La dottoressa Anna Rita D’Ecclesia racconta la sua giornata tipo e di come le cose siano cambiate anche dopo il Covid
Burocrazia, messaggi a tutte le ore, pazienti arrabbiati: la giornata tipo di un medico di medicina generale appare tutt’altro che semplice, come si evince dal racconto Anna Rita D’Ecclesia, 60 anni, medico di famiglia da oltre venti anni, con ambulatorio nella zona di San Lazzaro.
"Quando arrivo in ambulatorio, il mattino, la prima mezz’ora ci sono le urgenze – spiega – e sono sempre una decina di persone, poi arrivano quelli che vogliono farti vedere gli esami ed è già il tempo degli appuntamenti ma, nello stesso tempo, arrivano i messaggi per richieste, ricette, ci sono i certificati medici per i quali le persone arrivano. La mia reperibilità è dalle 8 a mezzogiorno – precisa D’Ecclesia –. Altri la danno solo di due ore ma io non ce la faccio. Da sottolineare che le chiamate dei pazienti arrivano anche mentre faccio ambulatorio: se posso rispondere rispondo, altrimenti lo devo fare quando termino tutte le visite, quindi se ne va almeno un’altra mezz’ora".
La dottoressa spiega che l’orario di ambulatorio mattiniero "dovrebbe terminare alle 12,30 ma spesso esco alle 14 perché devo finire di scrivere ricette, richieste, poi ci sono le varie certificazioni, comprese quelle di invalidità che non riesco a fare in orario di ambulatorio perché ci vuole almeno mezz’ora.
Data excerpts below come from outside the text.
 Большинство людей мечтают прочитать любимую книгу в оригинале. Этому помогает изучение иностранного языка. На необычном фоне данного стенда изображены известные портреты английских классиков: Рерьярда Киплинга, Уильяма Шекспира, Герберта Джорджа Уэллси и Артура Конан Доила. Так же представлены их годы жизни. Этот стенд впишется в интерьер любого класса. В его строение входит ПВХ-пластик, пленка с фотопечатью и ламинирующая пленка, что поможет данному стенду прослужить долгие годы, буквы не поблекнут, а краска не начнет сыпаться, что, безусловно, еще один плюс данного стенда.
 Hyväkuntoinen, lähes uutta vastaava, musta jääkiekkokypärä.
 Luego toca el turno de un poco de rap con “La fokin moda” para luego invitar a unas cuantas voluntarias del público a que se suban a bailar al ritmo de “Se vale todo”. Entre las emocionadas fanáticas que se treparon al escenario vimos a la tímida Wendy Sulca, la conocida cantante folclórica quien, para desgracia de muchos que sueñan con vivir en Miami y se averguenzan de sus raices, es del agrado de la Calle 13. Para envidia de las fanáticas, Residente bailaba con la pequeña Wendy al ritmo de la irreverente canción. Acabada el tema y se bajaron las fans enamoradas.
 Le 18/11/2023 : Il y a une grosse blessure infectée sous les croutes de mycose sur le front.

Certe volte anche un’ora – precisa – in quanto devi leggere tutti i referti per compilare questo documento: a volte li tengo per il sabato o la domenica".
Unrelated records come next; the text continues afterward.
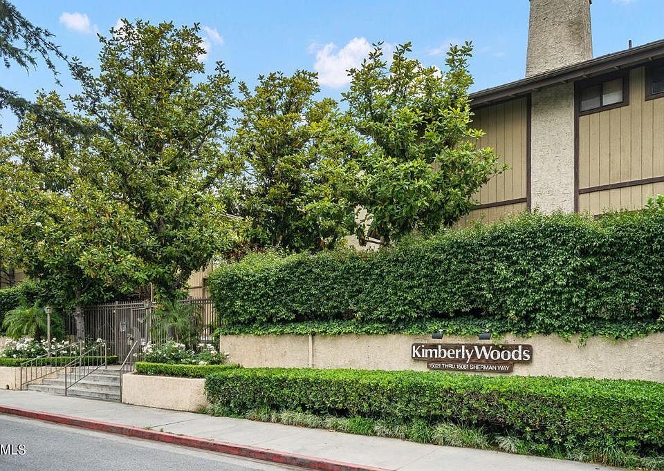 Welcome to the lovely 'hidden gem' Kimberly Woods community in Van Nuys. This desirable townhouse is tucked away in the back of the community with plenty of trees and a park-like area. As you enter this spacious home, you will immediately notice the fresh new paint throughout and the original parquet wood floors. The large living room has good natural light, a gas burning fireplace and sliding glass doors that lead you to your private patio with room for a large patio table & chairs, a BBQ and room for plenty of potted plants. This is open to the park area. Just off the living room is the formal dining area with a wet bar with storage that leads to the open kitchen with plenty of cabinets, south facing windows and an area for a large breakfast nook or small family room. There is a half bath off the dining room that leads to the stairway to the garage. All three bedrooms are located on the top floor and include a quite spacious primary suite with multiple closets and attached private bathroom with ample storage. There are multiple storage cabinets in the hallway that leads to the remaining two good size bedrooms plus a full bathroom as well. On the bottom floor, you will find an oversize garage that has plenty of space for storage and the washer/dryer hook-ups. The community offers a private pool, spa and gate controlled access to enter. All this property needs are a few updates to make this something special. There is definitely lots of upside potential here. Don't miss out on this wonderful opportunity!
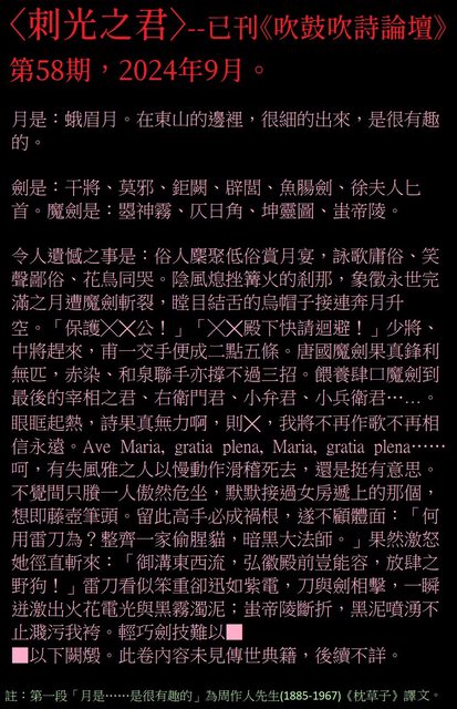 刊《吹鼓吹詩論壇》第58期,2024年9月。
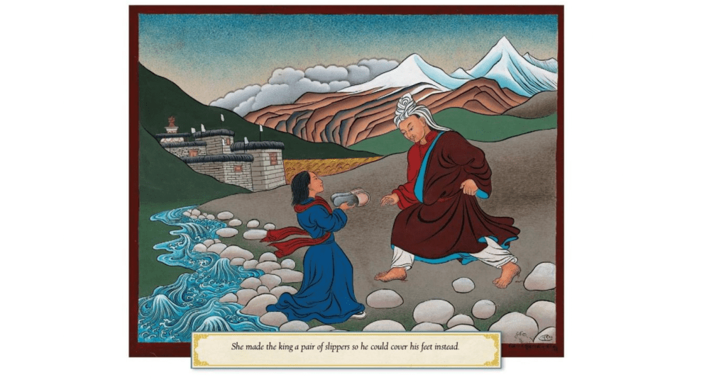 Can you imagine that? So much work, and no flowers would be able to grow! Luckily, the little girl was very wise and kind. She made the king a pair of slippers so he could cover his feet instead. From that day on, he was able to help everyone without hurting his feet.1
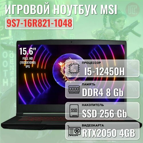 Ноутбук игровой MSI GF63 Thin 12UCX-1048XRU i5-12450H/8GB/256GB SSD/15.6" FHD IPS 144Hz/RTX2050 4GB/NoOS Black (9S7-16R821-1048)
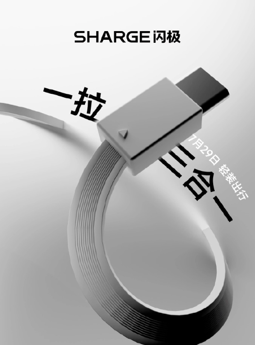 IT之家 7 月 28 日消息,闪极今日预热一款唱片三合一充电宝,将于明日发布。从官方海报来看,这款新品预计采用伸缩线设计。
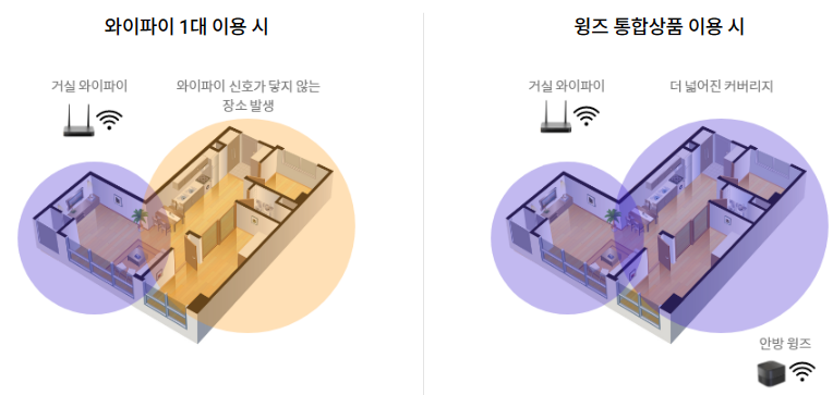 공통사항으로는 인터넷 약정기간이 끝나게 된다면 반납을 해야 하므로 파손이나 분실을 주의하셔야 합니다. 와이파이 증폭기를 이용하시게 되면 집 안 구석구석에도 와이파이를 마음껏 이용하실 수가 있는데요.

A questo vanno aggiunte le visite domiciliari: "Domani (oggi, per chi legge) ne ho una quindi sarò a casa non prima delle 15. Questo per dire che si lavora molto di più delle 38 ore che vogliono inserire in questo, assurdo, nuovo accordo nazionale". D’Ecclesia riflette anche sui giovani medici che sempre meno scelgono questa professione: "Non hanno chiarezza di dove dovranno andare con la nuova organizzazione".
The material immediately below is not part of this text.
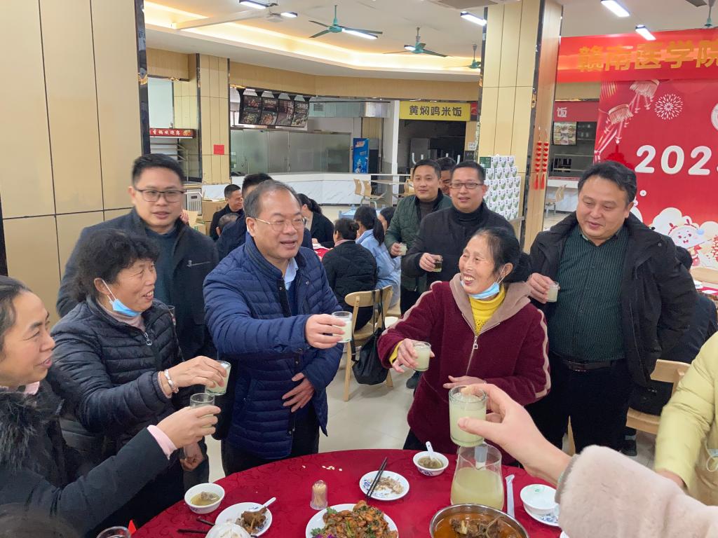 1月21日中午,我校在章贡校区餐厅举行留校学生团圆聚餐。学校党委委员、副校长叶军明与留校学生欢聚一堂、喜迎新春。

E sottolinea un aspetto che molti medici hanno notato: "Siamo di fronte a pazienti molto più aggressivi dopo la pandemia. Prima non era così. Adesso provo una sorta di angoscia, prima andavo in ambulatorio felice e contenta. Dopo il Covid le persone sono cambiate – dice –: sono molto più aggressive, non che mettano le mani addosso, ma è una continua aggressività psicologica, chiedono in continuazione esami, visite. Chiedono l’urgenza e quando si può la metto, poi tornano perché magari li mandano a fare la visita Porretta e non ci vogliono andare, quindi chiedono una nuova ricetta senza l’urgenza e tante volte finisce che vanno a pagamento. Tutti i giorni così".